What's Mine becomes Yours: Defining, Annotating and Detecting Context-Dependent Paraphrases in News Interview Dialogs
Anna Wegmann
Utrecht University
Tijs van den Broek
Vrije Universiteit Amsterdam
Dong Nguyen
Utrecht University
Repeating or paraphrasing what the previous speaker said has time and again been found to be important in human-to-human or human-to-computer dialogs: It encourages elaboration and introspection in counseling, can help deescalate conflicts in crisis negotiations, can have a positive impact on relationships, can increase the perceived response quality of dialog systems and generally provides tangible understanding-checks to ground what both speakers agree on.

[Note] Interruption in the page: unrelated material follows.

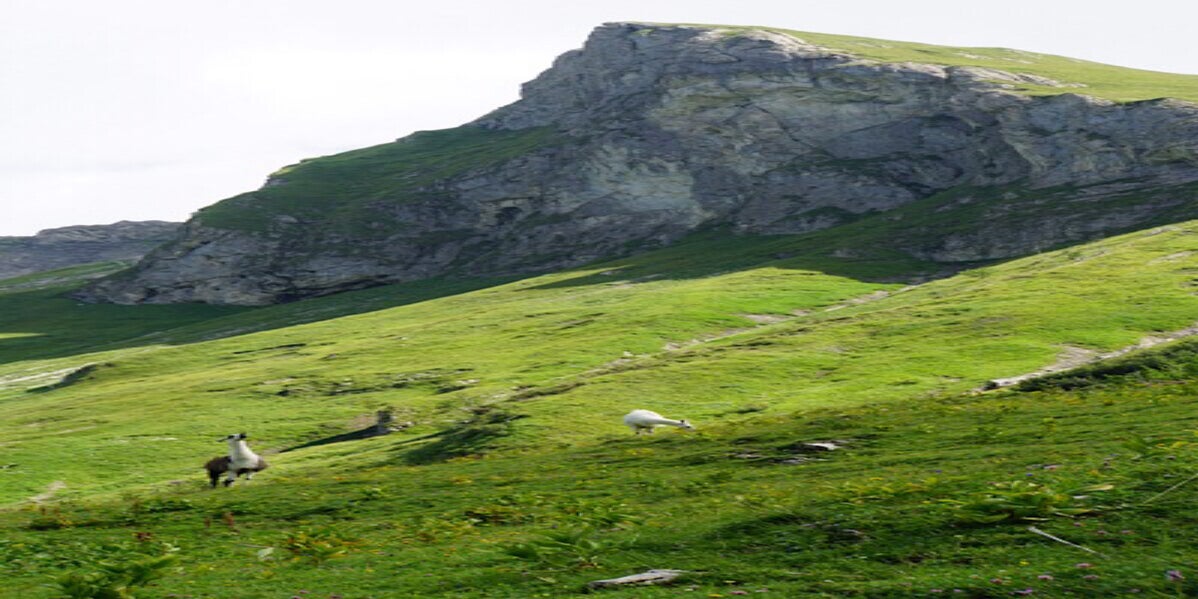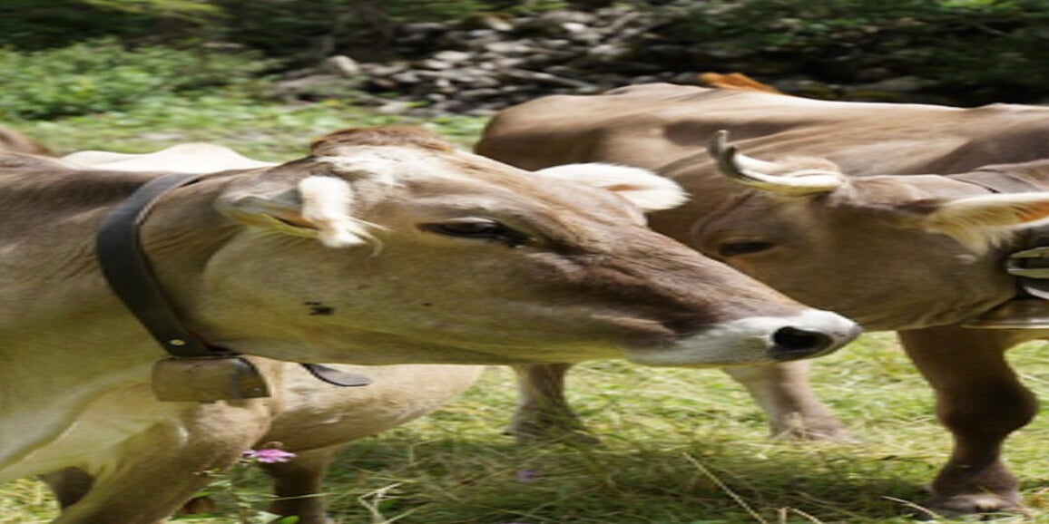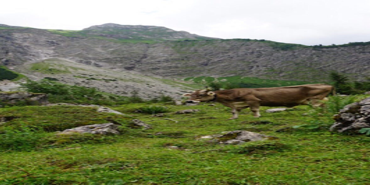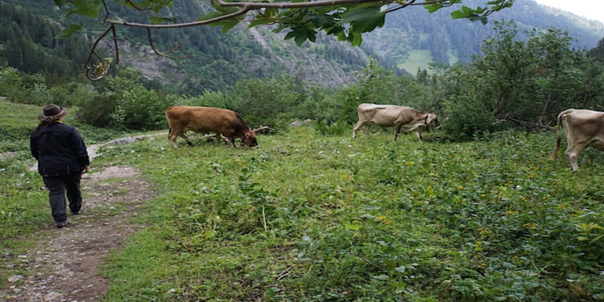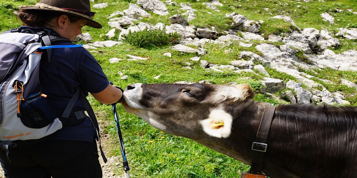 Nach der wichtigen Erholungspause geht es weiter bergab. Ein letzter Gruss von der Alpe, von einem der vielen Tiere auf der Alpe.

In NLP, paraphrases have received wide-spread attention: researchers have created numerous paraphrase datasets, developed methods to automatically identify paraphrases, used paraphrase datasets to train semantic sentence representations, and benchmark modern LLMs. However, most previous work (1) has focused on context-independent paraphrases, i.e., those that are semantically equivalent independent from the given context, and has not investigated paraphrases in dialog specifically, (2) has classified paraphrases at the level of full texts although paraphrases often only occur in portions of larger paragraphs, (3) uses only one to three annotations per paraphrase pair and (4) only annotate pairs of texts that are “likely” to include paraphrases using heuristics like lexical similarity even though, we can not expect lexical similarity to be high for all or even most paraphrases.
We address all four limitations with this work. First, we are, the first to focus on operationalizing, annotating and automatically detecting context-dependent paraphrases in dialog. Second, instead of only classifying whether a text paraphrases (part) of a previous text, we identify the text spans that constitute the paraphrase pair. Third, we collect a larger number of annotations of up to 20 per item in line with typical efforts to address plausible human label variation. Even though context-dependent paraphrase identification in dialog might at first seem straight forward with a clear ground truth, similar to other “objective” tasks in NLP, human annotators (plausibly) disagree on labels. For example, consider the following interaction: Speaker 1: “The money will help.”, Speaker 2: “It cant hurt.”. “[The money] can't hurt” can be interpreted in at least two different ways, as a statement with approximately the same meaning as “the money will help” or as an opposing statement meaning the money actually will not help but at least “It can't hurt” either. Fourth, instead of using heuristics to select text pairs for annotation, we choose a setting with a higher than average expected occurrence of paraphrases: transcripts of NPR and CNN news interviews. In (news) interviews, paraphrasing or more generally active listening is encouraged.
In short, we operationalize context-dependent paraphrases in dialog with a definition and an iteratively developed hands-on training for annotators. Then, annotators classify paraphrases and identify the spans of text that constitute the paraphrase. We release a dataset with 5581 annotations on 600 utterance pairs from NPR and CNN news interviews. We use in-context learning on generative models like Llama 2 or GPT-4 and fine-tune a DeBERTa token classifier to detect paraphrases in dialog. In-context approaches perform better at classification, while the token classifier tends to provide better text spans. We hope to contribute to the reliable detection of paraphrases in dialog.